Maxima Grupė UAB is a Lithuanian group of retail chain companies operating in Lithuania, Latvia, Estonia, Poland and Bulgaria. It is the largest Lithuanian capital company and the largest employer in the Baltic states. , Maxima has more than 1300 stores in Lithuania, Latvia, Estonia, Poland and Bulgaria. Each store offers between 3,000 and 65,000 brands, depending on the size of the store. The group employs more than 40,000 people. Its main headquarters are in Vilnius, Lithuania.

History 
Three Maxima stores were opened in Vilnius in 1992.

At the end of 2011, Maxima Group bought the Aldik supermarket chain in Poland with 24 stores.

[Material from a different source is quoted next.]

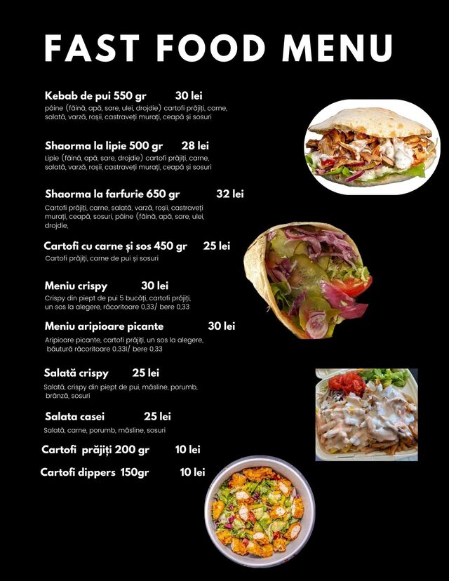 La Hot Fast Food din Sânmartin, Oradea, poți savura o shaorma delicioasă, preparată cu ingrediente proaspete și carne bine condimentată. Fie că alegi varianta de pui sau vită, fiecare shaorma este îmbogățită cu sosuri aromate și legume crocante, oferindu-ți un gust autentic și sățios. Perfectă pentru o masă rapidă și gustoasă, shaorma de la Hot Fast Food este apreciată de localnici pentru porțiile generoase și combinația echilibrată de arome.

Between 2012 and 2020, Maxima also operated a division in Spain, under the names SuperSol (supermarkets) and Cash Diplo (Cash & Carry). It mainly operated in Madrid and Andalusia. It was acquired in 2012 to the DinoSol group, and SuperSol was sold in 2020 to Carrefour, while Cash Diplo was subject to a corporate takeover in 2021.

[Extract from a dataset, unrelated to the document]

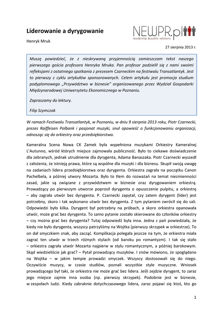 Liderowanie a dyrygowanie Henryk Mruk 27 sierpnia 2013 r. Muszę powiedzieć, że z nieskrywaną przyjemnością zamieszczam tekst naszego pierwszego gościa profesora Henryka Mruka. Pan profesor podzielił się z nami swoimi refleksjami z ostatniego spotkania z prezesem Czarneckim na festiwalu Transatlantyk. Jest to pierwszy z cyklu artykułów sponsorowanych. Celem artykułu jest promocja studium podyplomowego „Przywództwo w biznesie” organizowanego przez Wydział Gospodarki Międzynarodowej Uniwersytetu Ekonomicznego w Poznaniu. Zapraszamy do lektury. Filip Szymczak W ramach Festiwalu Transatlantyk, w Poznaniu, w dniu 9 sierpnia 2013 roku, Piotr Czarnecki, prezes Raiffeisen Polbank i pasjonat muzyki, snuł opowieść o funkcjonowaniu organizacji, odnosząc się do orkiestry oraz przedsiębiorstwa. Kameralna Scena Nowa CK Zamek była wypełniona muzykami Orkiestry Kameralnej L’Autunno, wśród których miejsce zajmowała publiczność. Było to ciekawe doświadczenie dla zebranych, jednak utrudnienie dla dyrygenta, Adama Banaszaka. Piotr Czarnecki wyszedł z założenia, że istnieją prawa, które są wspólne dla muzyki i dla biznesu. Skupił swoją uwagę na zadaniach lidera przedsiębiorstwa oraz dyrygenta. Orkiestra zagrała na początku Canon Pachelbela, a później utwory Mozarta. Było to tłem do rozważań na temat niezmienności zasad, jakie są związane z przywództwem w biznesie oraz dyrygowaniem orkiestrą. Prowadzący po pierwszym utworze poprosił dyrygenta o opuszczenie pulpitu, a orkiestrę – aby zagrała utwór bez dyrygenta. P. Czarnecki zapytał, czy zatem dyrygent (lider) jest potrzebny, skoro i tak wykonano utwór bez dyrygenta. Z tym pytaniem zwrócił się do sali. Odpowiedzi było kilka. Dyrygent był potrzebny na próbach, a skoro orkiestra opanowała utwór, może grać bez dyrygenta. To samo pytanie zostało skierowane do członków orkiestry – czy można grać bez dyrygenta? Tutaj odpowiedź była inna. Jedna z pań powiedziała, że kiedy nie było dyrygenta, wszyscy patrzyliśmy na Wojtka (pierwszy skrzypek w orkiestrze). To on dał smyczkiem znak, aby zacząć. Komplikacja polegała jeszcze na tym, że orkiestra miała zagrać ten utwór w trzech różnych stylach (od baroku po romantyzm). I tak się stało – orkiestra zagrała utwór Mozarta najpierw w stylu romantycznym, a później barokowym. Skąd wiedzieliście jak grać? – Pytał prowadzący muzyków. I znów mówiono, że spoglądano na Wojtka – w jakim tempie prowadzi smyczek. Wszyscy dostosowali się do niego. Oczywiście muzycy, w czasie studiów, poznali wszystkie style muzyczne. Wniosek prowadzącego był taki, że orkiestra nie może grać bez lidera. Jeśli zejdzie dyrygent, to zaraz jego miejsce zajmie inna osoba (np. pierwszy skrzypek). Podobnie jest w biznesie, w zespołach ludzi. Kiedy zabraknie dotychczasowego lidera, zaraz pojawi się ktoś, kto go 1 zastąpi. Piotr Czarnecki poprosił przypadkową osobę z widowni, aby zajęła miejsce dyrygenta. Okazało się, że praca orkiestry była utrudniona. Osoba, która dyryguje, jest liderem, powinna mieć ku temu odpowiednie kompetencje. Kolejna część spotkania została poświęcona eksperymentowi z różnymi stylami dyrygowania. Adam Banaszak pokazał dodatkowo dwa style – narzucania orkiestrze interpretacji każdej nuty oraz drugi – flegmatyczne wypełnianie swojej funkcji, prawie bez kontaktu wzrokowego z orkiestrą. Poza opiniami publiczności, niezwykle cenne były wypowiedzi muzyków. Ani jeden, ani drugi styl nie były akceptowane. W pierwszym przypadku, ingerencja dyrygenta posunęła się za daleko. W biznesie nazywa się to mikrozarządzaniem. Zespół nie będzie pracował dobrze, jeśli lider wtrąca się we wszystko, nie słucha innych, o wszystkim sam decyduje. Członkowie orkiestry mówili, że cenią sobie to, jeśli mogą się wypowiadać na próbach, jak ma być wykonany dany utwór. Jeśli nie jest możliwe, aby wypowiedzieli się wszyscy muzycy, to dyrygent powinien chociaż wysłuchać szefa każdej sekcji (grupy instrumentów). Wysłuchanie zespołu jest warunkiem skuteczności jego funkcjonowania. Drugi styl, flegmatyczny, także uznano za niewłaściwy. Dyrygent powinien być zaangażowany, dynamiczny, prowadzić zespół zgodnie z wyznaczonym celem. Stało się to też kanwą do ciekawej dyskusji na temat najważniejszych cech lidera. Prowadzący zapytał również dyrygenta, jak on postrzega swoją rolę w orkiestrze. Adam Banaszak, poruszając różne wątki powiedział, że dyrygent daje orkiestrze pewność siebie, co jest istotne z punktu widzenia efektu jej gry. Podobnie jest w biznesie – osoba lidera daje pewność siebie zespołowi, który wówczas może skuteczniej realizować zadania. Jedno z pytań zostało skierowane do najmłodszej osoby w orkiestrze. Była nią pani, która liczyła sobie 21 lat. Od kiedy gra na skrzypcach? – od 17 lat. Ile godzin ćwiczy codzienne? – 4 do 5. Ale w soboty nie, prawda? W soboty też. No to niedziele są wolne? Nigdy. W niedziele też. Miało to służyć refleksji na temat pracy nad sobą, nad podnoszeniem kwalifikacji. Dotyczy to w takim samym stopniu lidera jak i członków zespołu. W przypadku wielu instrumentów, dwie osoby (muzycy) są obok siebie, grają z jednych nut. Pytanie dotyczyło tego, czy jedna z tych osób zwróci uwagę drugiej, jeśli ta nie gra właściwie swojej partii. I tutaj pojawił się problem. Odpowiedzi były wymijające – to zależy itp. Piotr Czarnecki powiedział o tym, że jest to trudna dla Polaków kwestia. Brak zaufania do innych powoduje, że pojawiają się bariery w doskonaleniu pracy zespołów. Istotnie, jest to obszar, który wymaga edukacji, zajęć warsztatowych. Jest to również obszar, który powinien być w centrum zainteresowania lidera. Dyrygent, jeśli orkiestra gra głośno, nie jest w stanie wyłowić pojedynczych, fałszywych dźwięków. Oznacza to, że dyrygent i muzycy razem stan

In 2019, "Aldik" and "Stokrotka" retail chains are merged and continue to operate under one name, "Stokrotka".

Statistics

Countries with Maxima branches

Maxima LT 
Maxima LT is the largest part of Maxima Group. Maxima stores in Lithuania hold 70% of the total retail market. In 2011, GILD Bankers announced that Maxima Group was the most valuable company. Maxima LT employs 17,484 people (as of July 2016), and operates 237 stores.

Maxima LT CEOs 
 2008–2011: Gintaras Jasinskas
 2011–2014: Arūnas Zimnickas
 2014–2017: Žydrūnas Valkeris
 2017–2020: Kristina Meidė
 2020 present: Jolanta Bivainytė

Maxima Latvija 

On 21 November 2013, the roof of a Maxima XX store in Riga collapsed, killing 54 people and seriously injuring many more. So far it is not known what caused the disaster, but the police are investigating three scenarios: that there was an error in architectural design and authorities overseeing planning had been negligent; that the cause was related to the initial building procedure; and that it was caused by the current construction of the green roof.

Aldik 
Maxima Group operated in Poland under the name of Aldik, to 2018, when these stores started changing to Stokrotka after Maxima Group became main shareholder of Poland's EMPERIA HOLDING S.A. which operates the Stokrotka name.

SuperSol 
The Spanish supermarket chain SuperSol was owned by Maxima between 2012 and 2020. The supermarket had a presence in the Madrid province (including Ávila, Guadalajara and Toledo in the metropolitan area) and Southern Spain (Andalusia, Extremadura, Ceuta and Melilla).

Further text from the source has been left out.